An Example of (Too Much) Hyper-Parameter Tuning In Suicide Ideation Detection

Authors

  • Annika Marie Schoene Northeastern University Institute for Experiential AI
  • John Ortega Northeastern University Institute for Experiential AI
  • Silvio Amir Northeastern University Institute for Experiential AI Khoury College of Computer Sciences
  • Kenneth Church Northeastern University Institute for Experiential AI Khoury College of Computer Sciences

DOI:

https://doi.org/10.1609/icwsm.v17i1.22227

Keywords:

Abstract

This work starts with the TWISCO baseline, a benchmark of suicide-related content from Twitter. We find that hyper-parameter tuning can improve this baseline by 9%. We examined 576 combinations of hyper-parameters: learning rate, batch size, epochs and date range of training data. Reasonable settings of learning rate and batch size produce better results than poor settings. Date range is less conclusive. Balancing the date range of the training data to match the benchmark ought to improve performance, but the differences are relatively small.

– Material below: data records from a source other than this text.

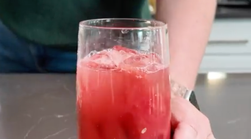 Add watermelon, mint, lemon juice, and Hydrate to a cocktail shaker or large measuring cup.
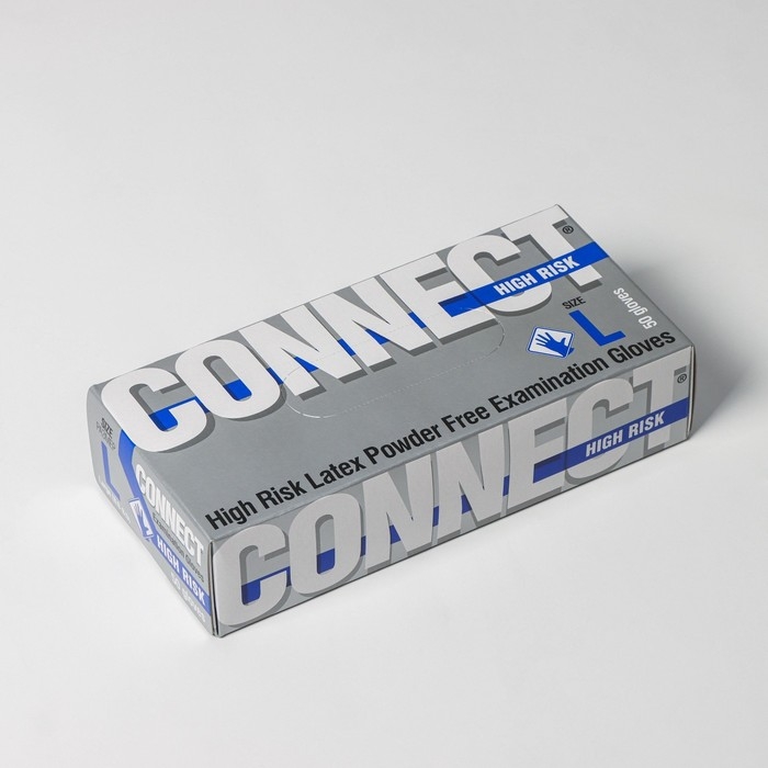 Перчатки латексные неопудренные High Risk, смотровые, нестерильные, текстурированные, размер L, 31 гр, 50 шт/уп (25 пар), цвет голубой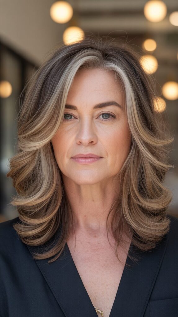 2. Long Layers with Face-Framing Angles for Women Over 50 with Round Faces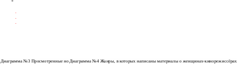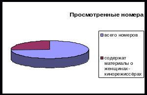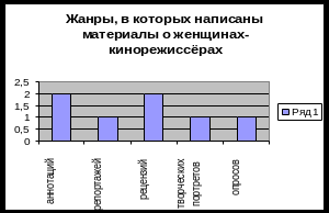 Материалы о женщинах-кинорежиссёрах содержались в семи из двадцати просмотренных номеров. В том числе: две аннотации, один репортаж, две рецензии, один творческий портрет, один опрос. Что так же отраженно в диаграммах.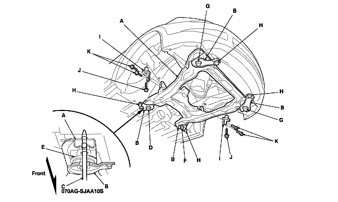 2. Set the front suspension subframe middle rubber mount (I) on both sides, and tighten the mounting bolts (J) that secure the rubber mounts to the body to the specified torque values. Tighten both subframe mounting bolts (K) securing the subframe and the rubber mounts to the specified torque values.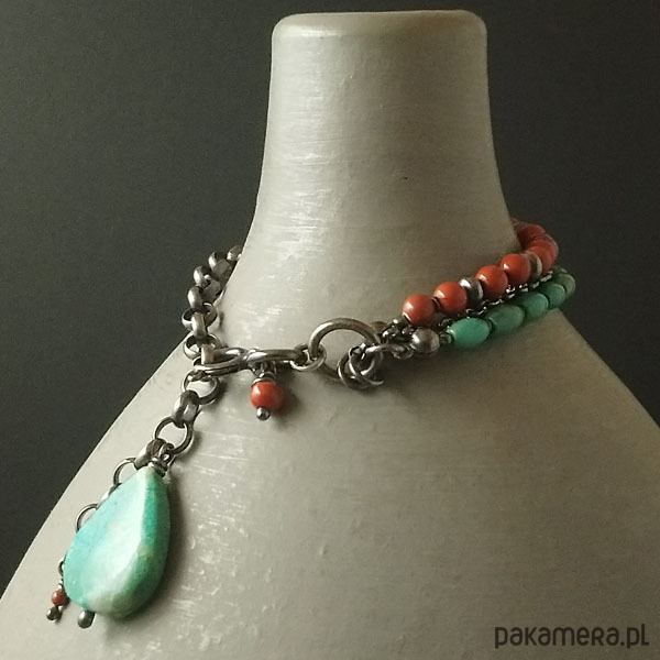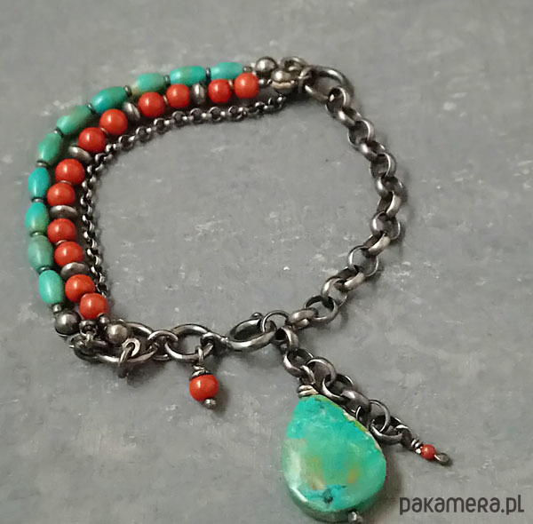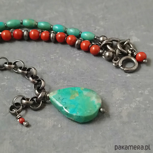 Bransoletka wykonana z oksydowanego srebra próby 925, kropli chryzokoli wielkości 19x14 mm, oliwek naturalnego turkusu 6 mm oraz jaspisu. Całkowita długość bransolety wynosi 21 cm. Obwód regulowany, będzie pasowała na nadgarstek do 18 cm. Polecam !

Optimal settings of learning rate and batch size are much better than poor settings, but optimal settings of date range are not that different from poor settings of date range. Finally, we end with concerns about reproducibility. Of the 576 experiments, 10% produced F1 performance above baseline. It is common practice in the literature to run many experiments and report the best, but doing so may be risky, especially given the sensitive nature of Suicide Ideation Detection.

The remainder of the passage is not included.